61:16 Chester Roh When we talk about it, we also end up going around in an endless loop. What do we do? What do we do? It’s scary. But it feels like all of this will work. And because it feels like all of it will work, let’s click away even more. It feels like we keep circling back to that conclusion.

61:25 Seungjoon Choi People are creatures of adaptation, so there are even people on the timeline saying, “Fable 5 seems dumb now.”

61:34 Chester Roh “Isn’t it a little lacking?” That’s what people are saying now. Today, we talked about the development of these models and explored different frameworks of thought, going in one direction and then another. But the things we’re discussing are really just fragments of thought, and even among the things I myself have said, there are many that logically contradict one another. That’s how fast the world is changing— too fast for an integrated perspective to emerge. I think all of us deserve a round of applause simply for working hard to keep up.

62:13 We’re each going through a kind of depression right now. I am too. I’ve been so mentally exhausted, and all of this has piled up, making me wonder whether that’s why I was sick over the past week. During my time in the United States and at ICML, I pushed myself like crazy to extract as much as possible about where the frontier is headed and how the engineers and researchers working at that frontier view the world. I really pushed myself to the limit to get as much out of it as possible.
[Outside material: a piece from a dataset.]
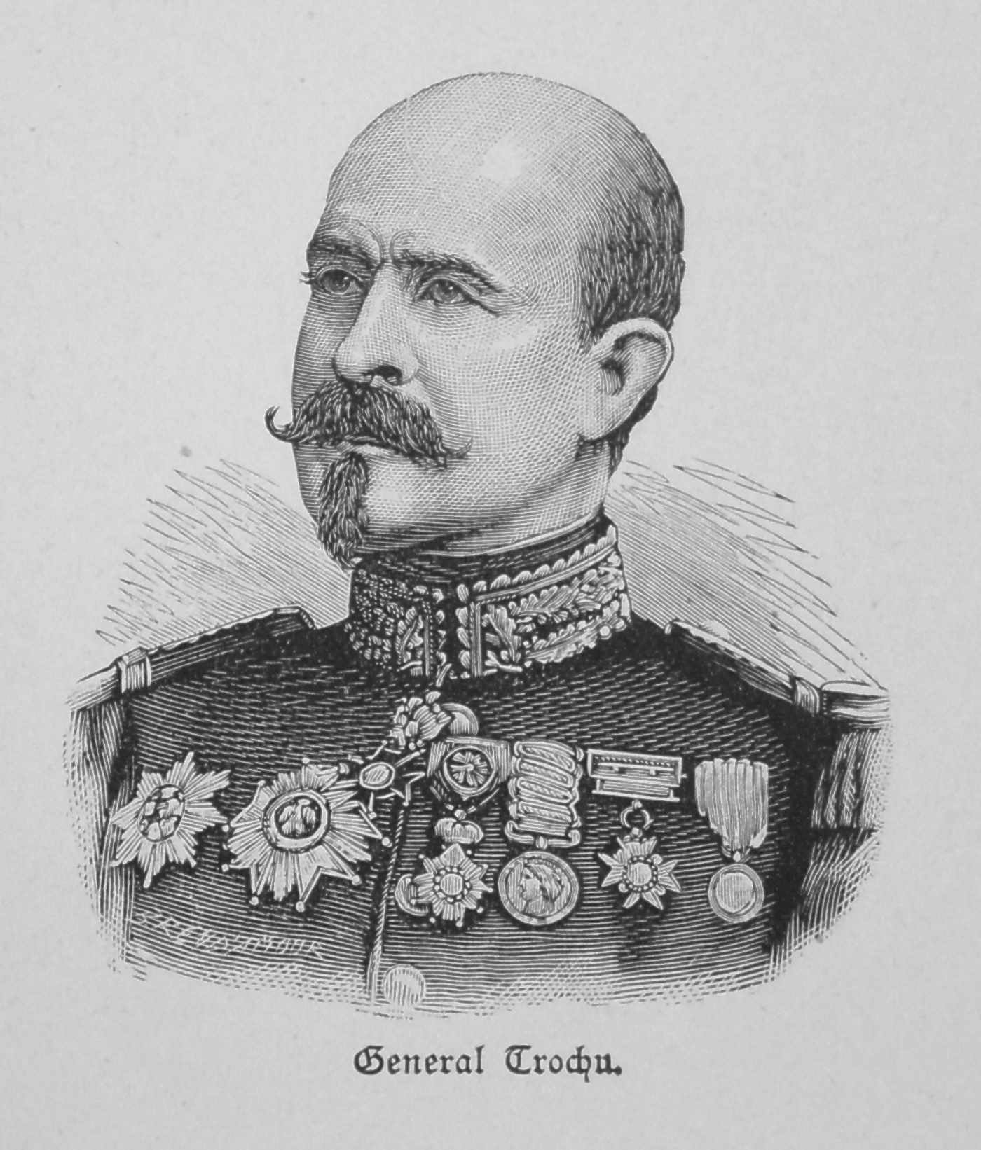 general Trochu

Even so, I haven’t settled on several definite conclusions like, “So this is the direction we’re headed.”

62:42 But as Jonghyun mentioned earlier, the vectors of thought I had were adjusted quite substantially. There are some things where the probability is high, some things I don’t really need to worry about, and some areas where I’ve decided, “That’s where I need to go.” Some of those things have become clearer, so I think we’ll have many opportunities to talk about them as we continue these weekly discussions going forward. Jonghyun, I’m also extremely grateful for all the great opinions and insights you’ve contributed.
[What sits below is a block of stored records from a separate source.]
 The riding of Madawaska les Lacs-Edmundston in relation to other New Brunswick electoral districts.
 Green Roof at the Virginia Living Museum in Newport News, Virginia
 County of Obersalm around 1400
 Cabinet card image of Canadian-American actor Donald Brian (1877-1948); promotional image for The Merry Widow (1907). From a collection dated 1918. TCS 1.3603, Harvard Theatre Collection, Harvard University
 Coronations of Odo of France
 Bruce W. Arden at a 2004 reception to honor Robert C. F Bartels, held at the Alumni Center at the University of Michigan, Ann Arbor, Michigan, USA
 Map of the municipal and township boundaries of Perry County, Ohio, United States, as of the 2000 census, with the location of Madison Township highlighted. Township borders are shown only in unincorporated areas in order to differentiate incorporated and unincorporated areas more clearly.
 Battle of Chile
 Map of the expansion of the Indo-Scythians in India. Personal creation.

63:17 Seungjoon Choi One fact is that even if we talk every week, there’s still an inexhaustible supply of information.

63:20 Chester Roh It’s exhausting. I’m suddenly getting really annoyed.

63:29 Jonghyun Park Since we do this every week, it may seem like things change on a weekly basis, but as soon as I open X, I get the sense that things keep changing every six hours.

63:39 Chester Roh Even the people at the frontier are working even harder than we are, so as Jonghyun just said, they too are responding to changes in the market almost daily, or even every few hours, and we can see that happening before our eyes. Is the answer to work even harder?

63:48 Seungjoon Choi I don’t know. Let’s leave it at that for now.

63:51 Isn’t it? Let’s call it a day for now. You end up losing something. If you keep doing more, things like your health.

63:54 Chester Roh Let’s conclude that we should torture the agents a little more. Well then, Jonghyun and Seungjoon, thank you again for your valuable time. We’ll wrap up this week here. Yes, thank you.